Environmental advocates and volunteers working to reduce the amount of abandoned fishing gear in the Gulf of Maine hit pay dirt last month on a small privately-owned island off Corea, a small lobstering village east of Bar Harbor.
With help from locals who provided a skiff and a spot on the wharf to put their dumpster, the small group brought back 4,723 pounds of so-called “ghost gear” to be trashed or recycled, including about 230 derelict lobster traps. The expedition to Outer Bar Island in late June was made up of people from Washington D.C.-based nonprofit Ocean Conservancy, local nonprofit Rozalia Project and the Maine Island Trail Association, a group that protects undeveloped islands along the coast.
“You see this tiny little island, just piled 10 feet (high) with lobster traps and rope and buoys and just all this stuff that is washed up on the shore,” said Madeline Black, a spokesperson for Ocean Conservancy. “It’s eye-opening.”
The abandoned gear gets washed up on the island because of winds and currents, particularly during storms, said Ashley Sullivan, executive director of the Rozalia Project. The trash has been accumulating for decades, Sullivan said, and with over half of it remaining on the island, they’ve “barely made a dent.”
“We found a trap tag that was from like, 1997,” Sullivan said. “But with all the annual loss, more gear will be there next year.”
Black said abandoned gear can continue to capture and kill marine life for years on end, which is a problem for both marine life and the people who fish for a living. In a place like Maine, where fishing is such a huge part of the economy and culture, environmental advocates say, hundreds of thousands of traps get lost and abandoned each year in the gulf.
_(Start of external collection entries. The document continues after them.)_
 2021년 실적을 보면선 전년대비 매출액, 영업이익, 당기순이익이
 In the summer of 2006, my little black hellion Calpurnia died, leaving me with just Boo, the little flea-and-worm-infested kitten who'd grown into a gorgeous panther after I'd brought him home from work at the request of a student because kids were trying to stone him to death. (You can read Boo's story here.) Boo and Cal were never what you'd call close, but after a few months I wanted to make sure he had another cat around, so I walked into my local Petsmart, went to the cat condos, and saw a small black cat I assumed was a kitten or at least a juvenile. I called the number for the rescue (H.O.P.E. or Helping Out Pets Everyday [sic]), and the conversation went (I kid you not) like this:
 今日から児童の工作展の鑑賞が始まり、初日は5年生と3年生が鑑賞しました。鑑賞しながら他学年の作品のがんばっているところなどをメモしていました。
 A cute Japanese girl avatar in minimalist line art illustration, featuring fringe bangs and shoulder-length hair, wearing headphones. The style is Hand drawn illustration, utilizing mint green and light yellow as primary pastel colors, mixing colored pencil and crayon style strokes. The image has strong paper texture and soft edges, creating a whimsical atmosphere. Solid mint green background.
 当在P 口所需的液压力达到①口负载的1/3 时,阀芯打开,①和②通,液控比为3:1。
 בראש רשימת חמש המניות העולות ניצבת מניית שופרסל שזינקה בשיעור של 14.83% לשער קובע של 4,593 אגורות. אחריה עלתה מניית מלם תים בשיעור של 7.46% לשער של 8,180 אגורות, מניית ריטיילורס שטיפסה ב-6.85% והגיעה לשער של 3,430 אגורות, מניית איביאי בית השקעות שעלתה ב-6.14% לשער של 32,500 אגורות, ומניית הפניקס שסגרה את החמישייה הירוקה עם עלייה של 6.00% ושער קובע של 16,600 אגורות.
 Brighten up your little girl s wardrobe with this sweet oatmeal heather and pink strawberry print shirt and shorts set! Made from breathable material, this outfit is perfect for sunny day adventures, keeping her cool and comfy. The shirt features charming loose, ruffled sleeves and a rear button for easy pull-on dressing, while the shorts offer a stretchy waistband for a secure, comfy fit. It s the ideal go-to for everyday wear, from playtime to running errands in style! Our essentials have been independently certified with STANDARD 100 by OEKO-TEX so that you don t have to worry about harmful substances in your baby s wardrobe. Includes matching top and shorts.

“If those traps are at the bottom of the ocean, capturing lobsters that otherwise could be … caught by a fisher and taken up and sold, that’s also a huge cost,” Black said.
The gear, which is now largely made with plastic, also has long-term environmental impacts, Sullivan said.
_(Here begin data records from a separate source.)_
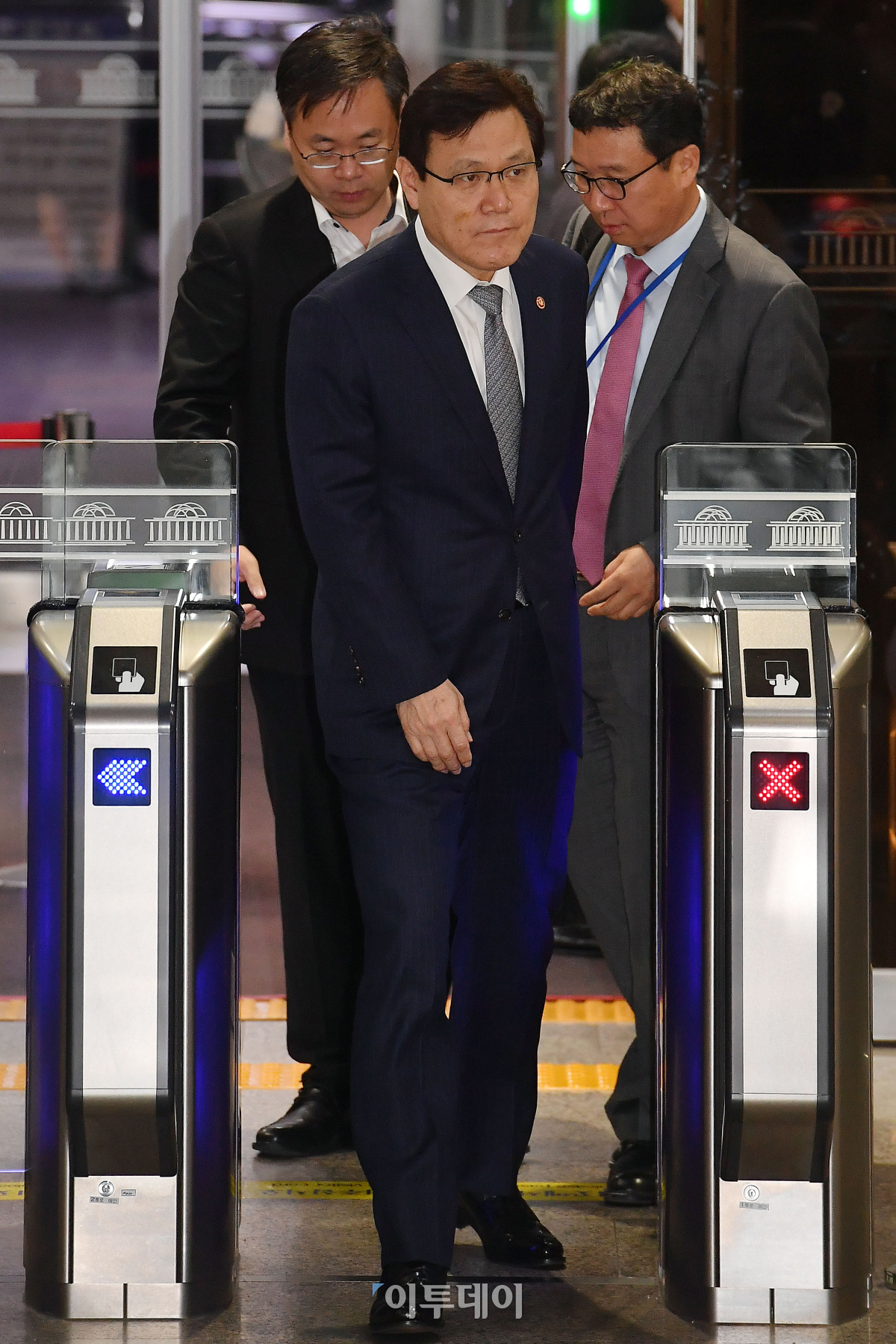 최종구 금융위원장이 16일 오전 국정감사를 앞두고 서울 여의도 국회로 들어서고 있다. 이날 금융위원회 국정감사는 삼성 이건희 회장의 차명비자금 면죄부 논란과 인터넷은행 특혜 의혹 등을 놓고 공방을 벌인다. 이동근 기자 foto@
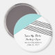 Modern och trendig Geometric Rand Spara datum magneter med turkospartiangel och tunt strimmig accent. Den här enkla men ändå elegant-magneten är konfigurerad för att enkelt kunna anpassas med din bröllop-information. Hitta fler anpassningsalternativ genom att klicka på Anpassa.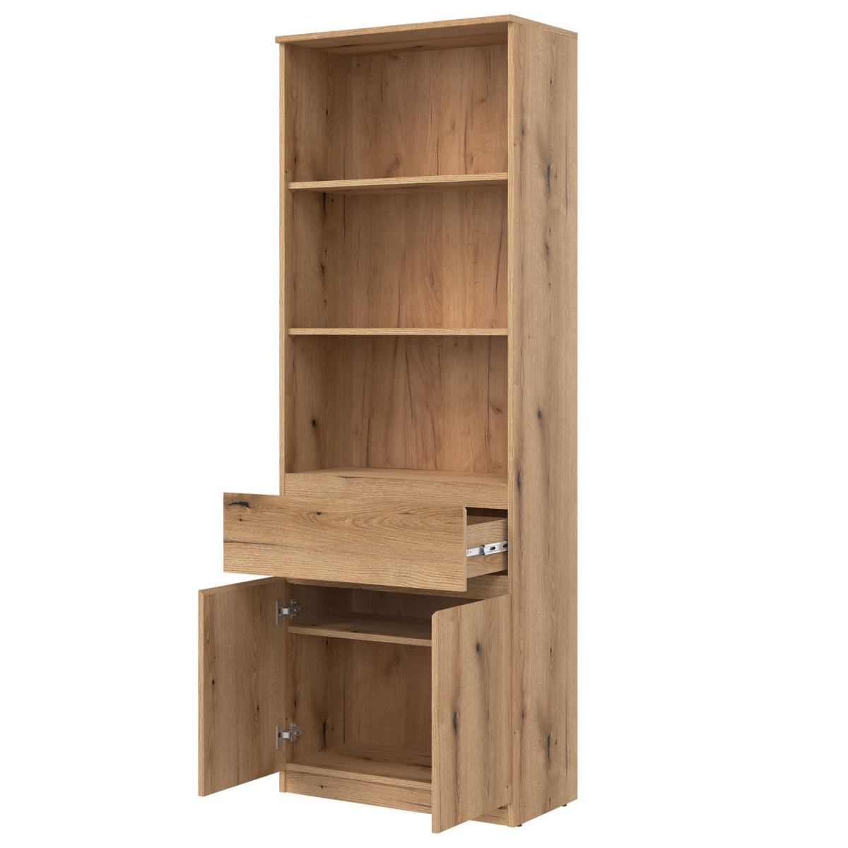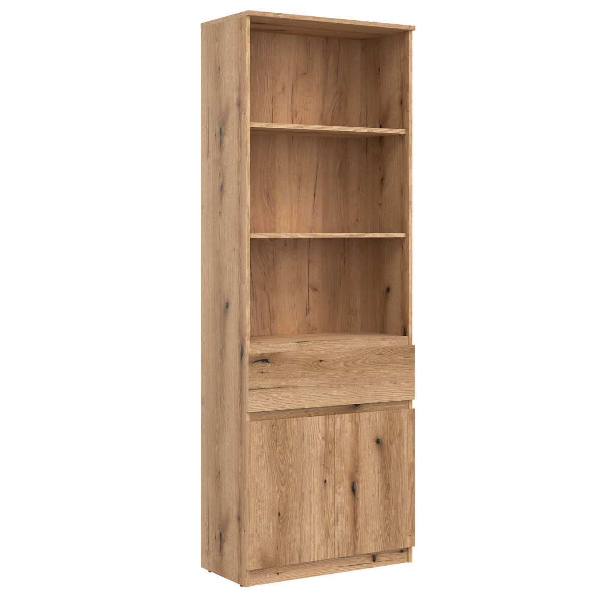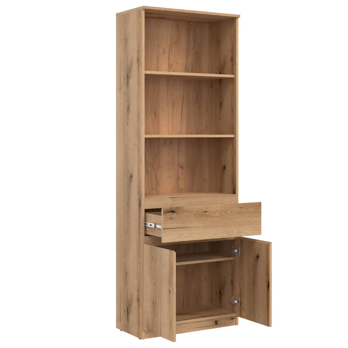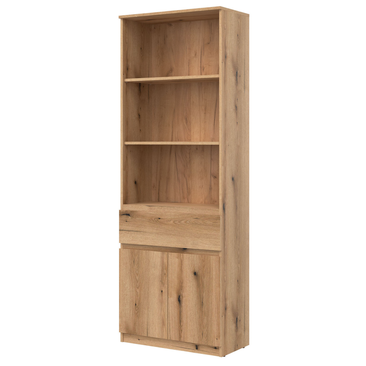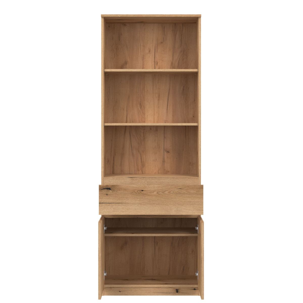 REMI RM09 spintelė – puikus sprendimas svetainei, valgomajam, darbo kambariui ar jaunimo kambariui. Ji turi vieną erdvų stalčių centre ir tris lentynas, įskaitant vieną už uždarų durelių. Paslėptos lentynos už durelių gali būti naudojamos tekstilei ar smulkiems aksesuarams laikyti, o trys atviros nišos puikiai tinka knygų kolekcijai ar dekoratyviniams daiktams eksponuoti. Išskirtinis ir patrauklus dizainas daro ją tobulu bet kurios erdvės papildymu. Moderni spalvų gama leidžia sukurti tobulą interjerą, pritaikytą prie vartotojų skonio ir poreikių. Ryškios fasadų frezos, kurios pakeičia tradicines rankenas, pabrėžia bendrą dizainą. Kolekcijai būdinga minimalistinė išvaizda ir funkcionalumas. Spintelė idealiai tinka derinti su kitais REMI serijos baldais arba kaip atskiras baldas, prisitaikantis prie jūsų kambario interjero dizaino.

“You’ve got metal traps that are coated in plastic, you have buoys that are made of styrofoam or other hard plastic. The rope is also synthetic,” Sullivan said. “It’s not like back in the day with the wooden traps and the hemp or cotton line.”
The problem isn’t specific to Outer Bar Island, said Christina Hassett, a regional stewardship manager for the Maine Island Trail Association. Many of the thousands of islands on Maine’s coast do not have full-time residents to regularly pick up abandoned gear.
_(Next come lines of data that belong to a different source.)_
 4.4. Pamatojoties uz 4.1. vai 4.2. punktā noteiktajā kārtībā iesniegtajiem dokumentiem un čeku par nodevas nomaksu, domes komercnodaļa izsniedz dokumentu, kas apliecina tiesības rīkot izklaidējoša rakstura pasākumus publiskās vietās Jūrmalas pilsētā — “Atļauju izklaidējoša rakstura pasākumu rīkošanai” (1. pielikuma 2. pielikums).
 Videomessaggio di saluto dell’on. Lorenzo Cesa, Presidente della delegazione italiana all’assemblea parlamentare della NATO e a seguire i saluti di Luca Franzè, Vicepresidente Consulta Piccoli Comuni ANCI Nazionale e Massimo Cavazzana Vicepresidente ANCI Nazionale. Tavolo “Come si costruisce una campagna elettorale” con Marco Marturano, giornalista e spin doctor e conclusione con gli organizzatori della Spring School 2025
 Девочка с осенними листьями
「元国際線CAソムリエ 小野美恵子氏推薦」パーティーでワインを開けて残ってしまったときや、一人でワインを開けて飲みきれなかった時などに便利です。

“There are sites that we’ve gone to where … you can hear the trash before you see it,” Hassett said. “You’re in tall grass and you just hear the crunching of plastic that’s been so UV degraded that it’s just, like, shattering underfoot.”
Black said prevention is the main goal of the Global Ghost Gear Initiative, a program operated by the Ocean Conservancy dedicated to tackling the issue of abandoned fishing gear worldwide. The initiative, partnered with the Gulf of Maine Lobster Foundation, removed a 20-thousand pound ball of gear from off Portland in 2019, according to the Ocean Conservancy. A similar but smaller ball of gear weighing two tons was pulled up off Cape Elizabeth in 2018 by The Gulf of Maine Lobster Foundation.
“While removals like this are critical for the health of our environment and the health of our oceans, ultimately the way we’re going to solve this problem is by preventing gear from being lost in the first place,” Black said. “The good news is that many fishers are already aware of this problem and doing their part to prevent lost gear.”